With regard to altitudinal distribution, and according to the location of the occurrence records, we found An. superpictus (s.l.) to within the range between 0–2716 m above sea level in Iran. The maximum recorded elevation for this species in Tajikistan was 2800 m [12]. This value was calculated as 3483 m and 2113 m for An. maculipennis (s.l.) and An. sacharovi, respectively, in Iran. Anopheles sacharovi was collected between 353–1126 m above sea level in the Sanliurfa province of Turkey [58]. These altitudes could be considered environmental suitable areas for studies of malaria vectors. However, due to global warming it is unlikely to find these species in higher altitude in future studies.

Climate change and global warming, as well as changes in land use such as dam construction, urban development and agricultural projects, have large influence on the distribution of various species of plants and animals.

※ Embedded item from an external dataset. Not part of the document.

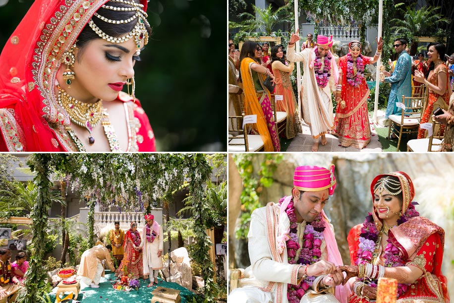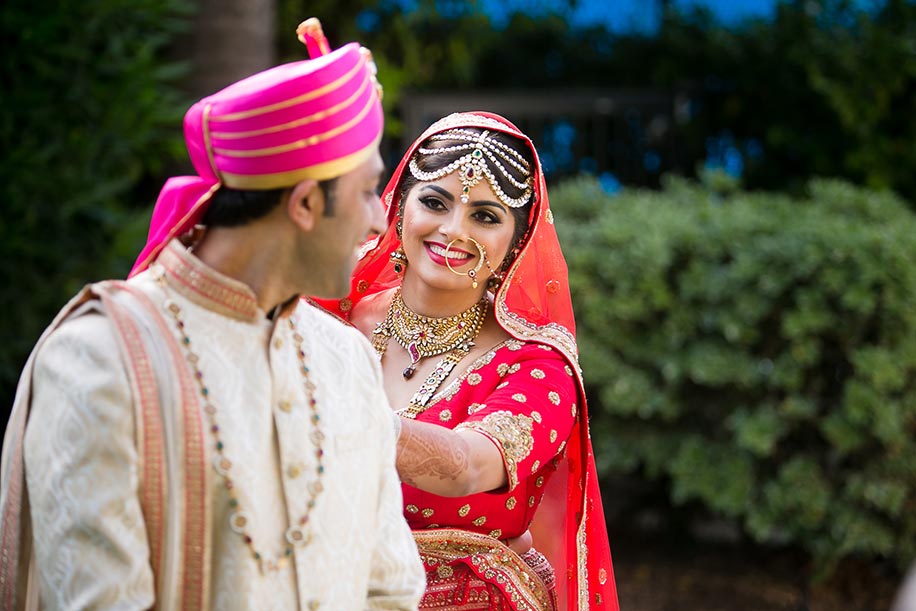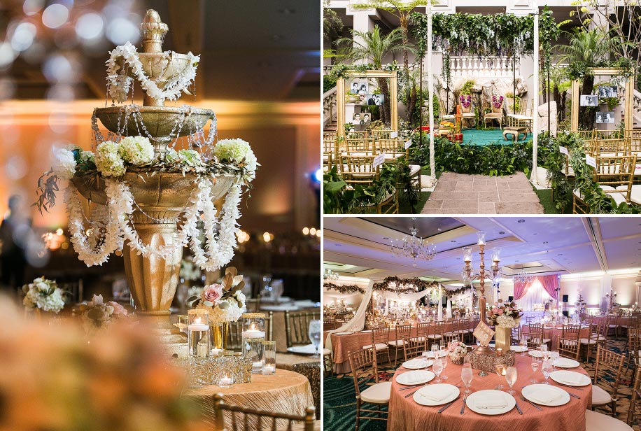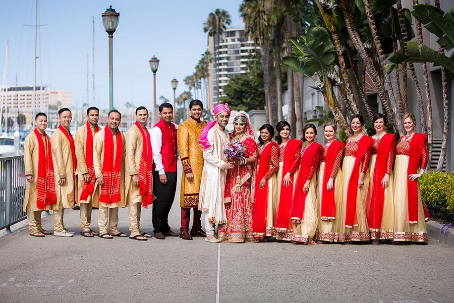 Runjhun shares, “We got married at the Ritz Carlton hotel in Marina Del Rey in California. We wanted to be as close to the water as possible, and this venue had the best of everything we wanted. The baraat area ran parallel to the marina, so Aditya’s guests came in dancing on the pier over the ocean that was lined with yachts. The ceremony site also had a balcony overlooking the mandap, which was vital for our dance sequence in the middle of our ceremony!” The couple not only wanted a stylish hotel, but also one that was conveniently located near an international airport as they had guests flying in from all across the world.

Therefore, having a database for potential vectors such as mosquitoes is very important. It will greatly contribute to the study of climate change and environmental effects on future distribution of these insects. Using different scenarios of climate change and existing data in the databases, it is possible to predict the temporal and spatial distribution of different mosquito species in Iran. In addition, it will enable us determine information gaps and research need in the field of Culicidae in Iran. This approach will guarantee success of the national malaria elimination program, especially considering the climatic change and adaptation. Therefore, modeling spatial and temporal distribution of all malaria vectors is a very important and essential step for successful vector control and elimination program.

The lack of accurate registration of geographical coordinates of collection site(s), a main challenge in the entomological studies, was quite obvious in this survey. Knowing the exact coordinates of the collection sites for each mosquito species will contribute to the use of mathematical models to analyze field results. It is important to note that we have used occurrence data from 1970 to 2016 and no temporal covariates. Although bioclimatic data were an average of 1950–2000, available in worldClim dataset, the values of the co-variates may have been very different at the species occurrence sites in 1970, and this is not accounted in our analysis.

Conclusions

Malaria still remains an important mosquito-borne disease in Iran, although indigenous cases have been limited to some foci in southeastern region. Because An. superpictus (s.l.), An. maculipennis (s.l.) and An. sacharovi, the main malaria vectors, are distributed more or less in different areas of the country, there is transmission risk from imported cases, even in cleared-up foci. Global warming is changing the areas at risk of malaria transmission globally and in Iran it seems northern areas will more prone to malaria transmission, where the studied species exists. Planning vector control strategies is highly dependent on good understanding of the vector ecology, as well as preparing risk maps for their environmental suitability. It is also dependent on monitoring of insecticide resistance in regular intervals. Finally, environmental variables have direct effects on the temporal and spatial distribution of mosquitoes and their ability for malaria transmission. Therefore, results of this study will be beneficial for decision makers to plan and apply proper vector control measures at the right time and place for malaria vector control in Iran.